The one thing that I would add is that recall skills need to be maintained after they are trained. I have seen so many people train an AWESOME recall on their dog, and then have it slowly disappear after a few months because they forget to randomly reward a recall. A good attitude to have is, every time you get a chance, use your recall and reward it. Even if you don’t “need” the dog to come, call it and reward it a few times each day…the reward can vary, but that reinforcement history needs to be maintained.
It’s kinda like my own job. If they paid me well in the beginning, and then slowly the pay got lower and lower or stopped, my job performance would probably suffer. The same is true of recalls. People often think that “once it’s trained, it’s always there.” The facts are that if the dog starts to perceive that the likelihood of a reward is slim to none, the dog is going to start re-evaluating if they should come at all.
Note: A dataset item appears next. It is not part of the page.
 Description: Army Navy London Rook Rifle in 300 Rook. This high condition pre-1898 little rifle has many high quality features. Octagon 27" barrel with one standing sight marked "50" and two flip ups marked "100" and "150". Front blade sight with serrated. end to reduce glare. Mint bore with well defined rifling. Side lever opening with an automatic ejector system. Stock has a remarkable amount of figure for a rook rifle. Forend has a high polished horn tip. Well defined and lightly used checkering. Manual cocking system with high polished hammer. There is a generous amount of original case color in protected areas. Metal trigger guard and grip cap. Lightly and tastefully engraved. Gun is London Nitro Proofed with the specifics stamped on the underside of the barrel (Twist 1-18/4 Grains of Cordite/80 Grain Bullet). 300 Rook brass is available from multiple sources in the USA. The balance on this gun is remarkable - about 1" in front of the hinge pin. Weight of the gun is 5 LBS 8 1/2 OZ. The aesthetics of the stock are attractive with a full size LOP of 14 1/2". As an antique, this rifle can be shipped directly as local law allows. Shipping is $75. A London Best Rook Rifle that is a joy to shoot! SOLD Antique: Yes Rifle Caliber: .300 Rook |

On number 7 – if you have a sit, simply ask for that about 5 feet away so the dog has time to start sitting – I do this with Pow and he ends up at my feet, with his front paws on my feet, sitting, without having hit me.
#7: I try to describe this one because many people don’t want their dogs to jump on them. So they fuss and nag at their dogs, and their dogs learn that being up close and personal isn’t good. But when these same people want to put a leash on the dog, they can’t get the dog close enough. As long as the dog learns that not only is the goal to come to you, but also to come close enough to you to get a hold of without them being wary. The force/speed come is one way of solving this problem – self rewarding to some extent. Remember – my guy is a bit smaller than most of yours more than likely – having him with his front paws on me is a wonderful way of putting the leash on without leaning over 🙂
What I do for an official obedience recall is start quickly backing up as they approach (not so fast that I would fall over) ,with my hands out low with the treat but drawing it up close to the body in an arc getting higher and higher to about waist high until they are automatically sitting in front of me just barely touching. I don’t even say sit as it is automatic from body cues. I want them focused on come and that is just part of the recall. After you practice a couple times it can be very smooth.
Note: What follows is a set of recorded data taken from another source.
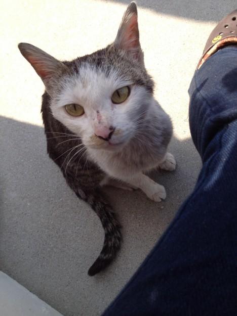 とてもとても痩せて フラフラ。顔や耳に傷。
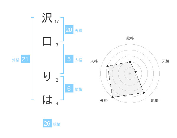 沢口 りはさんの総格は26画の2点!
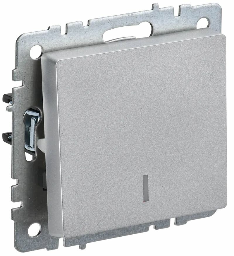 Выключатель встраиваемый одноклавишный с подсветкой IEK BRITE BR-V10-1-10-K47 ВС10-1-1-БрА алюминий
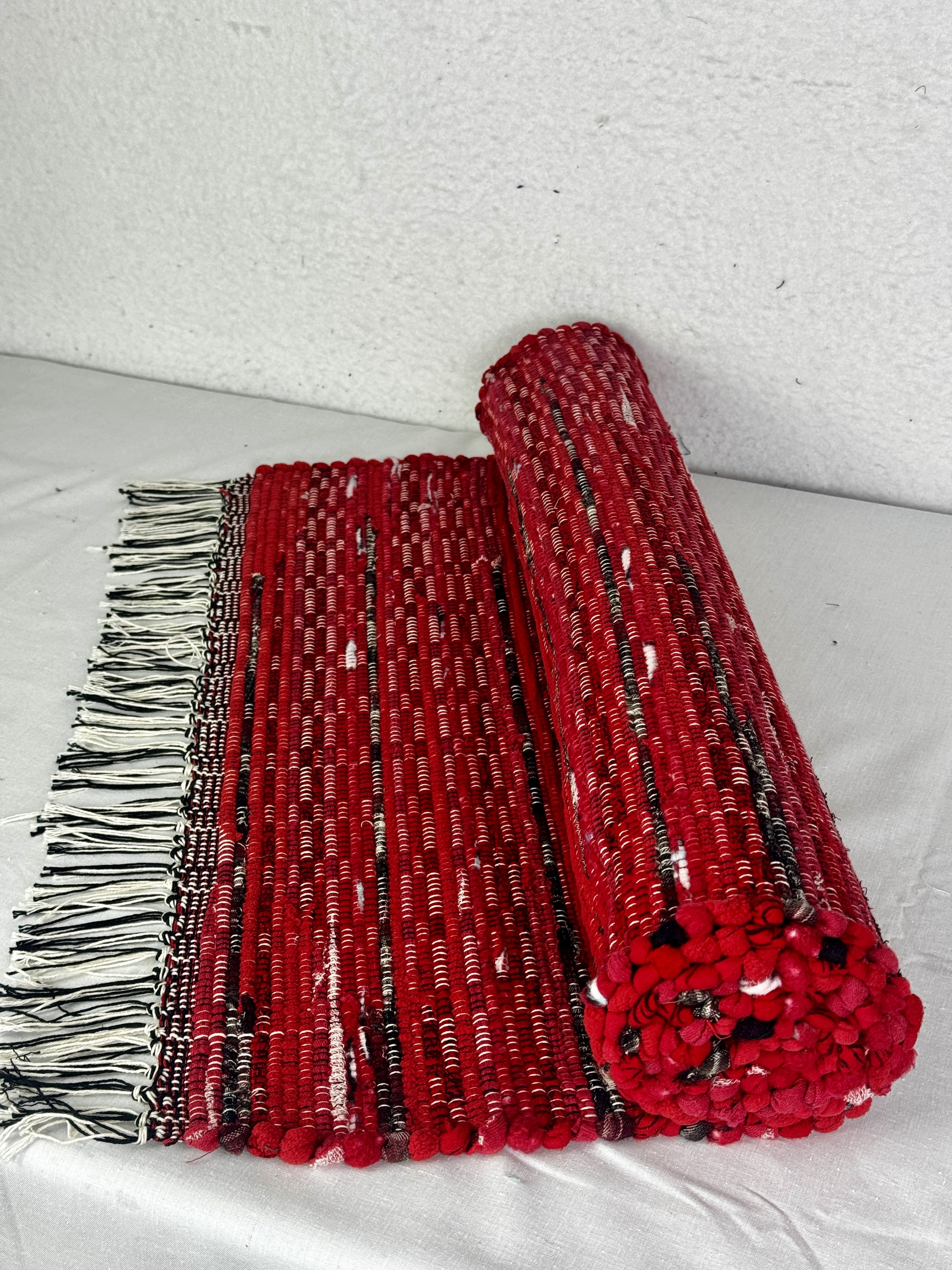 Every rug is meticulously handwoven on my trusty two-harness loom. I pour my passion and attention to detail into each weave, ensuring a quality that transcends trends. The impeccable straight edges and tightly woven strands are testaments to my dedication, while the variety of warp colors allows me to create pieces that complement any aesthetic, from modern minimalism to vintage charm.

On the other hand the dogs learn that if I run into the house after calling while they are still coming, they are to run after me and they will find me at the fridge with the treat. It probably isn’t the greatest for training but it seems to work well. Combines running away with food reward. Needs to be done later on not in the very beginning. Some trainers think you can’t have time lapses but sometimes I think they have better memories than me. I guess they have learned from the beginning that if I say I have a cookie they may have to wait a minute for me to grab it but I do come through with it. Actually that may be a good thing to train-delayed gratification within doggy limits. Everyone has t see what works for them.
Perfect way of doing it. And as long as you have a word for impending cookie, and you are consistent enough to be trusted to remember that you owe them a cookie, delayed gratification is actually part of the training process.
What I did to get a lightning fast recall & a front sit with eye contact without touching me, was to have the treats in my mouth. I would spit the treat to the dog when they were sitting with good eye contact. This was for my previous dogs, for their obedience test. If they touched me, we’d lose points, so during training if they bumped me or weren’t straight, they wouldn’t get the treat.